CrossFit Fenway and the historic Fenway ballpark have more in common than just a name. Both are filled with exceptional athletes, both are staffed with phenomenal Coaches and both are supported by the devoted Fenway community.
Eric Siegel, the Affiliate of CrossFit Fenway located in Boston, Massachusetts, said his “old-life” before CrossFit was like many others in the industry. He was an athlete in college, playing soccer and lifting weights. He stayed active after school by competing in a men’s soccer league and by always winning the fitness challenges at his office job.
“One guy was like ‘well you like the crazy workouts, why don’t you check this out’ and he showed me CrossFit.com,” said Siegel. “When I first did it, having played college soccer and run half marathons, I thought I was in good shape – quickly found out there [were] some holes in my game.”
After that he was hooked, devoting so much time to CrossFit his Coach eventually asked him to start training others. Siegel didn’t have any plans to take his love of CrossFit anywhere outside of his own personal fitness. But he had coached before and was willing to take on the challenge of coaching in a new sport.
“And I’ve always enjoyed coaching sports and I’ve always loved fitness,” said Siegel. “So it was just like a light bulb moment when I got the opportunity.”
After coaching friends and family for a while, and seeing how the business worked, Siegel and some others decided to open up CrossFit Fenway. He said at the time there weren’t nearly as many Affiliates as there are now, and he feels that so many of the new Boxes popping up have strayed from what CrossFit was originally all about.
They are focusing more on trying to provide services like a traditional health club instead of focusing on the community and good coaching.

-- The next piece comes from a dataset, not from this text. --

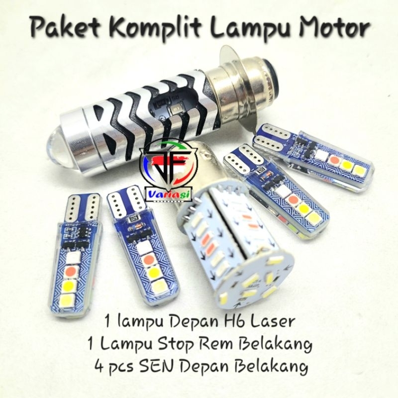 Paket HEMAT Komplit Combo Lampu Motor H6 Laser Putih Kuning Lampu Rem 30 Mata Bayonet LED + Sen 4 Pcs Depan Belakang Universal Dc 12 Volt Motocycle

Siegel says that CrossFit Fenway has stayed true to its roots from the beginning, which is what makes it unique.
“We are just CrossFit. We have an awesome community, we have good coaching and we are just an old-school CrossFit Box,” said Siegel. “If that’s for you, if you want a lot of attention on you when you’re in class, if you want to work hard and also have some fun, maybe party hard when it’s time to party after a competition, then you’ll fit in here.”
But just because they are an “old-school Box” doesn’t mean they are only dedicated to high-end competitive athletes said Siegel. While many in the Box strive to compete, he said they don’t push people to do so.
“We’re very proud of our very strong, very fit female athletes across the board. But we try to be very open, welcoming and encouraging,” said Siegel. “Whatever someone’s background is, wherever somebody’s coming from, that’s not what we’re focused on. What’s important to us is that they want to come in, they want to get fit and they want to work hard.”